Dieser Muskel verläuft links vom Warzenfortsatz, dem Knochen hinter dem Ohr, hinter dem Querfortsatz des ersten Halswirbels (=Atlas) über das Zungenbein zum Unterkiefer. Er ist wesentlich am Schluckakt beteiligt sowie an der Öffnung des Kiefers. Auf der rechten Seite verläuft der Muskel korrekt.
Über die Ursache dieser Asymmetrie läßt sich - genau wie bei der Atlasfehlstellung - nur spekulieren.

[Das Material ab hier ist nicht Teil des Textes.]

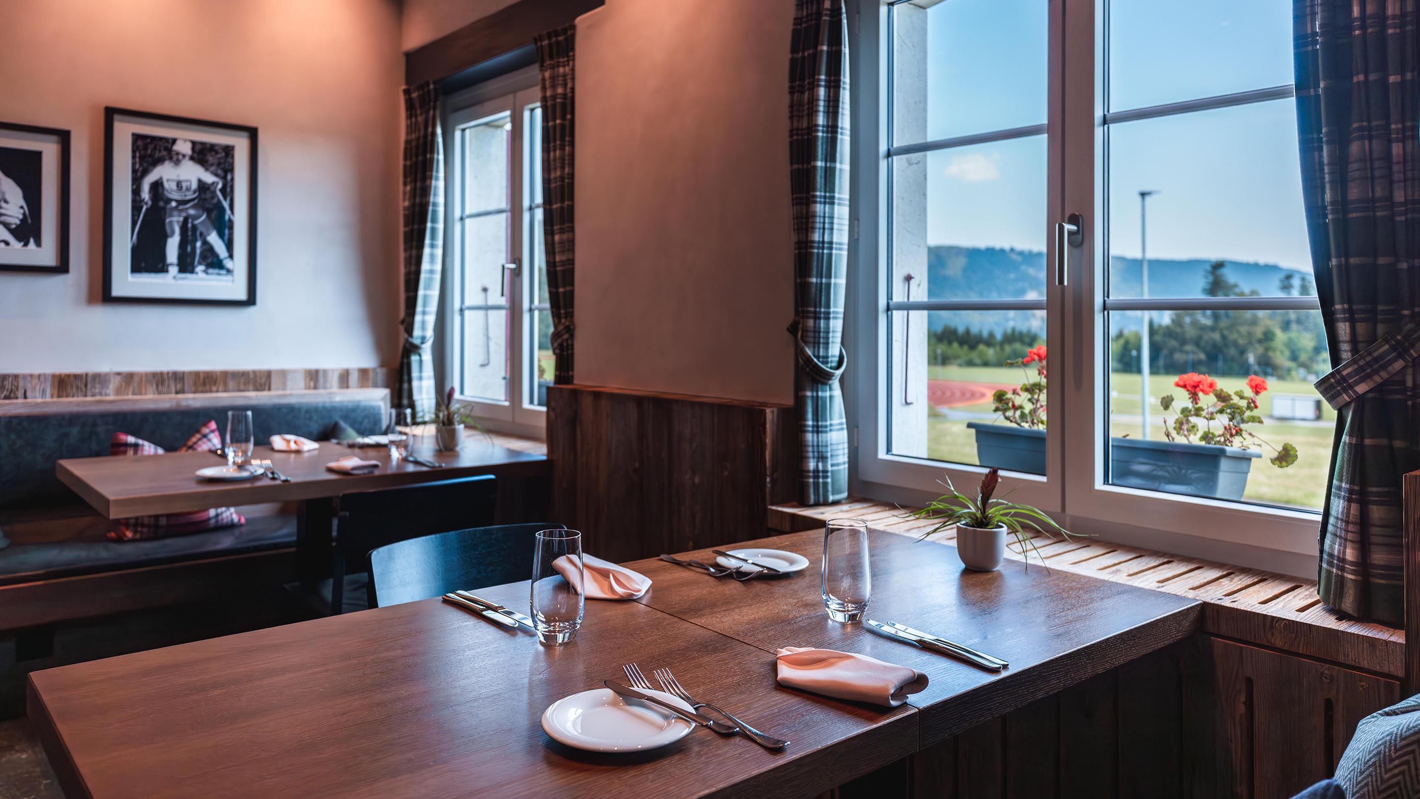 La giovane brigata del ristorante à la carte End der Welt coniuga regionalità, originalità e prodotti certificati. L'attenzione è rivolta ai prodotti di origine svizzera, la cui qualità stuzzica il palato di ogni buongustaio.
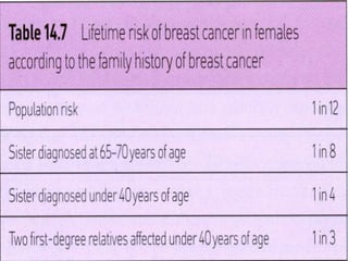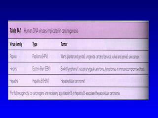 There are genetic and environmental factors that influence cancer development. While some cancers have a strong hereditary component, the majority of cancers are caused by environmental exposures and acquired somatic mutations. Key genetic factors include oncogenes that promote cell growth and tumor suppressor genes whose mutations allow for unchecked cell division. Epigenetic changes like DNA methylation and histone modifications can also influence cancer risk by altering gene expression without changing the underlying DNA sequence.
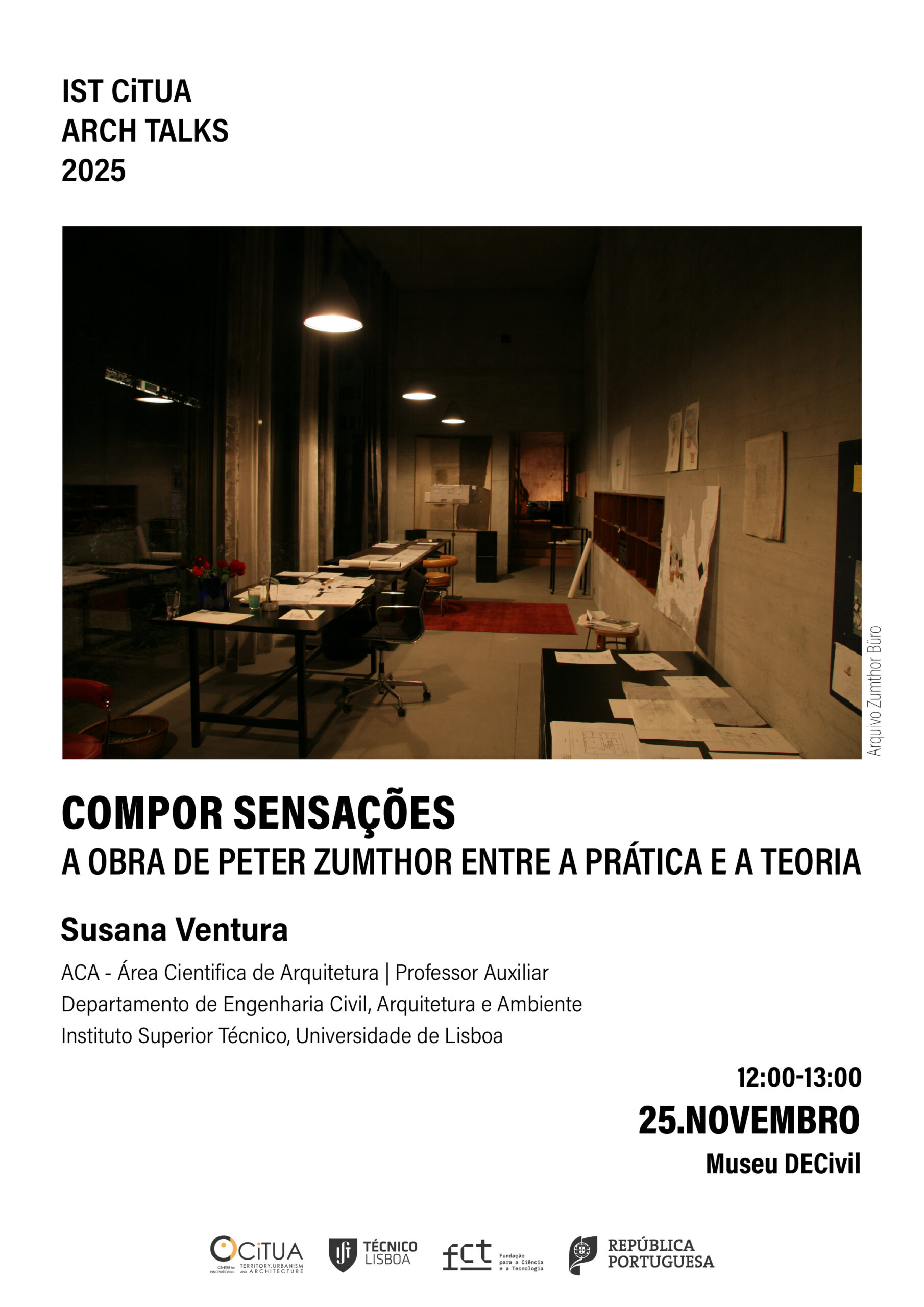 Esta sessão do ARCH Talks, conduzida por Susana Ventura, é intitulada Compor Sensações: a Obra de Peter Zumthor entre a Prática e a Teoria.
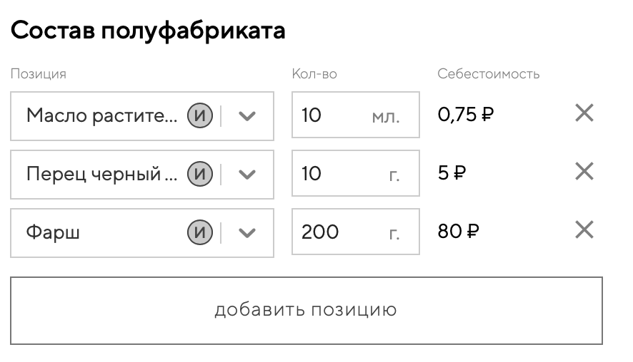 Себестоимость полуфабриката будет рассчитана автоматически в зависимости от метода списания. Подробнее о себестоимости можно прочитать здесь.
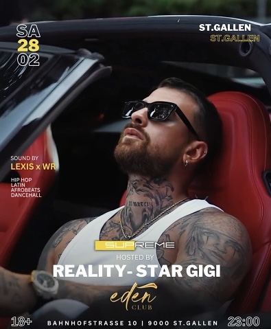 Eden Club St. Gallen Bahnhofstrasse 10,St. Gallen,SwitzerlandFirst Time and exclusive in St.Gallen/ Switzerland đ¨đđĽ We proudly welcome @gigibirofio to Supreme! Straight outta Germany! âĄď¸ Saturday 28.February 2026 - @edenlounge.sg Reality TV Star Gigi Birofio ist bei uns als Host zu Gast. Durch seine Teilnahme bei den Tv Shows: Love Island, Dschungel und Ex on the Beach wurde er Weltweit bekannt. Itâs… Weiterlesen »Supreme Gigi – Eden Club St. Gallen
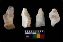 | Description / विवरण | There are n 4 of utilized worked cores. They show multidirectional irregular dominant scar pattern. All are tapering on one end. |
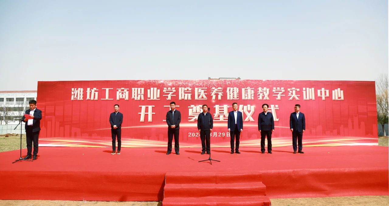 3月29日上午,我校山东省高水平专业群医养健康教学实训中心建设项目正式开工,这是我校落实国家和省市职业教育政策部署,改善办学条件,加强技能教学,提升人才培养质量的一项重要举措。诸城市委常委、宣传部长、教育工委书记刁立武,启辰控股集团董事长、潍坊工商职业学院董事长郑明高,青建国际集团副总裁赵凯,我校校长张绍秋,启辰控股集团后勤产业集团董事长董卿,以及教体局相关领导、我校领导班子成员、建设施工单位的有关同志和学校部分师生代表出席了仪式。本次开工仪式由我校执行校长、党委常务副书记郑志松主持。

In der Praxis können beide Fehlstellungen zu erheblichen Problemen führen ( siehe Beiteg Energetische Wirbelsäulenaufrichtung), so daß die Indikationen sehr ähnlich sind, letztlich ergänzen sich beide Therapieformen ideal, wobei immer zuerst das Atlasbalancing durchgeführt werden sollte.
Durch eine einfache manuelle Korrektur wird der zweibäuchige Muskel (=Musculus digastricus) in seine korrekte Lage gebracht. In der Regel muß eine einmal erfolgte erfolgreiche Korrektur nicht wiederholt werden.
Für genauere anatomische Détails verweise ich auf die Website von Robert Picard www.kopfgelenktherapie.de
Ich biete die Kopfgelenktherapie als ideale Ergänzung immer zusammen mit der Energetischen Wirbelsäulenaufrichtung an.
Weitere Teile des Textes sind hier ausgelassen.